→ **Dataset content**:
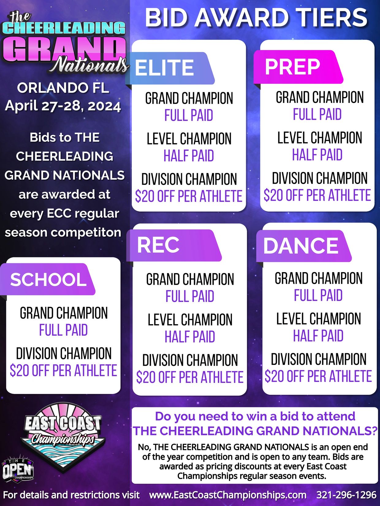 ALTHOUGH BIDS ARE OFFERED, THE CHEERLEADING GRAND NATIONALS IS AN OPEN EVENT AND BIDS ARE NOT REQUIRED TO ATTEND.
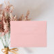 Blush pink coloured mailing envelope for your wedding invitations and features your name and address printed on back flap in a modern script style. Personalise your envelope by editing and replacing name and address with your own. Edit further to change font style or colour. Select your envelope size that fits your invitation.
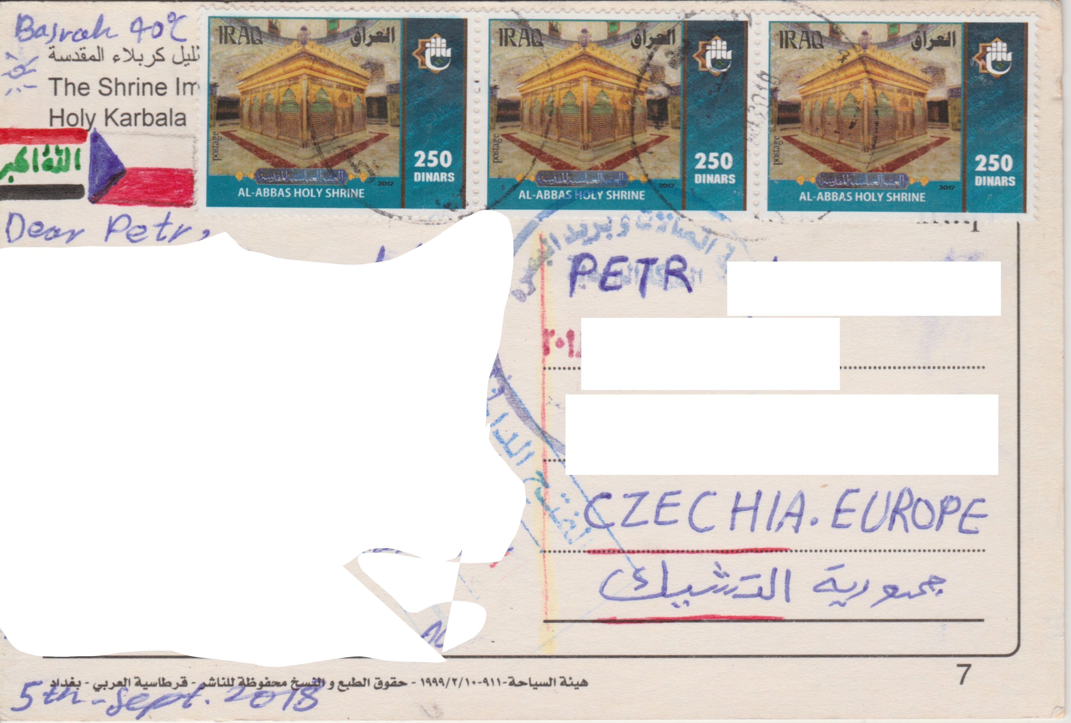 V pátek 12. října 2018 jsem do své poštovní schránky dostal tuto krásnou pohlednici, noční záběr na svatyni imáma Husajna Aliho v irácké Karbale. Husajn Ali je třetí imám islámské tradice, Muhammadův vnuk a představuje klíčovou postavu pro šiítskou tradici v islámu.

==

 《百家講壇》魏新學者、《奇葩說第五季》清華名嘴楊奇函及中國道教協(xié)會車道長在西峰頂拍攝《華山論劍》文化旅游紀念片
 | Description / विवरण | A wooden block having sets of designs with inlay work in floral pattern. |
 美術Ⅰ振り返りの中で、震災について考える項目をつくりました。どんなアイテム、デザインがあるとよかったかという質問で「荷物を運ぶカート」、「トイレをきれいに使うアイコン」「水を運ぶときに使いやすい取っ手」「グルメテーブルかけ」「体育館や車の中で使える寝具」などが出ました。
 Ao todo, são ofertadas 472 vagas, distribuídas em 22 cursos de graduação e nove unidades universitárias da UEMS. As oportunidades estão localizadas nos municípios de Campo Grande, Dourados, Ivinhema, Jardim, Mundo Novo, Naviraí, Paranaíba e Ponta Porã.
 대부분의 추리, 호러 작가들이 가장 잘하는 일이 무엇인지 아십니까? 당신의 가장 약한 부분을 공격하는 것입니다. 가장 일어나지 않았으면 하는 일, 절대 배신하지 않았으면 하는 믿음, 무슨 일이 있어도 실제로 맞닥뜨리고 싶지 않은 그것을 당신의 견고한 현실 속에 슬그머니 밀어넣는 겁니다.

--

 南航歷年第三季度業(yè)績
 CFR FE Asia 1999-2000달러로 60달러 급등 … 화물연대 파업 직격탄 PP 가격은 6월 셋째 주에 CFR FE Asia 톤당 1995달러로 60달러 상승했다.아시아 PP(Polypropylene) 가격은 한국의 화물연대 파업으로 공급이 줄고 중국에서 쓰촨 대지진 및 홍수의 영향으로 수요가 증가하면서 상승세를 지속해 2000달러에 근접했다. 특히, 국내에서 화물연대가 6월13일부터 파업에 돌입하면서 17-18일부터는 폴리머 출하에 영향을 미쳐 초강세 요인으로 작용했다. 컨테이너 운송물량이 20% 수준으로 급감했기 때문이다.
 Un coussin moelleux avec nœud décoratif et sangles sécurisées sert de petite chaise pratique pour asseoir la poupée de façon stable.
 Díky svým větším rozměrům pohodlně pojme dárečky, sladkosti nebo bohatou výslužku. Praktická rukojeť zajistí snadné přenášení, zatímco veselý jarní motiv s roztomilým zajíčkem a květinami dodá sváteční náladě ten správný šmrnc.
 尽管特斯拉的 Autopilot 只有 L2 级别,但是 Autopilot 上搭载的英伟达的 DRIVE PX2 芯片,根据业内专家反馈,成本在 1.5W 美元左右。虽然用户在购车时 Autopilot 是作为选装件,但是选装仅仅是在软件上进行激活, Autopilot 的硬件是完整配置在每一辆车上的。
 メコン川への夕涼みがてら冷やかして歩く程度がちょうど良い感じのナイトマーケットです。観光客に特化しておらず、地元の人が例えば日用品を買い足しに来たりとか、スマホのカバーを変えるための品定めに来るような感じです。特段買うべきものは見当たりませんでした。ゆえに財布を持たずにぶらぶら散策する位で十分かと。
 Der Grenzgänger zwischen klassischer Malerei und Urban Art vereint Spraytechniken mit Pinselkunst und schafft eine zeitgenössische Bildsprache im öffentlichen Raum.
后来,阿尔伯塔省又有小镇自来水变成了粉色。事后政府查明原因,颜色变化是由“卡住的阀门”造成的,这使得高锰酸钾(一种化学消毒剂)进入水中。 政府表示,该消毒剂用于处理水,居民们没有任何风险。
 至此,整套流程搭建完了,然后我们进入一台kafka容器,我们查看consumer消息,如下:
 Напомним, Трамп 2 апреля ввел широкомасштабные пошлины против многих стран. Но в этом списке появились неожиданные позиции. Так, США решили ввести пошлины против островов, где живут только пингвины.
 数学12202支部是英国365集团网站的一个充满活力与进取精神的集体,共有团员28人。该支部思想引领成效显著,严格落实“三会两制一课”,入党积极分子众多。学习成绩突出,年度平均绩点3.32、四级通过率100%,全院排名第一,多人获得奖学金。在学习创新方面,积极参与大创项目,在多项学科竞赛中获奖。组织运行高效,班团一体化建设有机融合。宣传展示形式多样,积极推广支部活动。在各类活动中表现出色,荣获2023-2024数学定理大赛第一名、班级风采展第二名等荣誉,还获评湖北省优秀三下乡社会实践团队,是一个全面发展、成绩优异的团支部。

→ **Exercise objective**: Having found the line with "ALTHOUGH BIDS ARE" and the line with "V pátek 12." in the material above, write out exactly those two and every line between, leaving the pictures out.

→ **Written solution**:
 ALTHOUGH BIDS ARE OFFERED, THE CHEERLEADING GRAND NATIONALS IS AN OPEN EVENT AND BIDS ARE NOT REQUIRED TO ATTEND.
 Blush pink coloured mailing envelope for your wedding invitations and features your name and address printed on back flap in a modern script style. Personalise your envelope by editing and replacing name and address with your own. Edit further to change font style or colour. Select your envelope size that fits your invitation.
 V pátek 12. října 2018 jsem do své poštovní schránky dostal tuto krásnou pohlednici, noční záběr na svatyni imáma Husajna Aliho v irácké Karbale. Husajn Ali je třetí imám islámské tradice, Muhammadův vnuk a představuje klíčovou postavu pro šiítskou tradici v islámu.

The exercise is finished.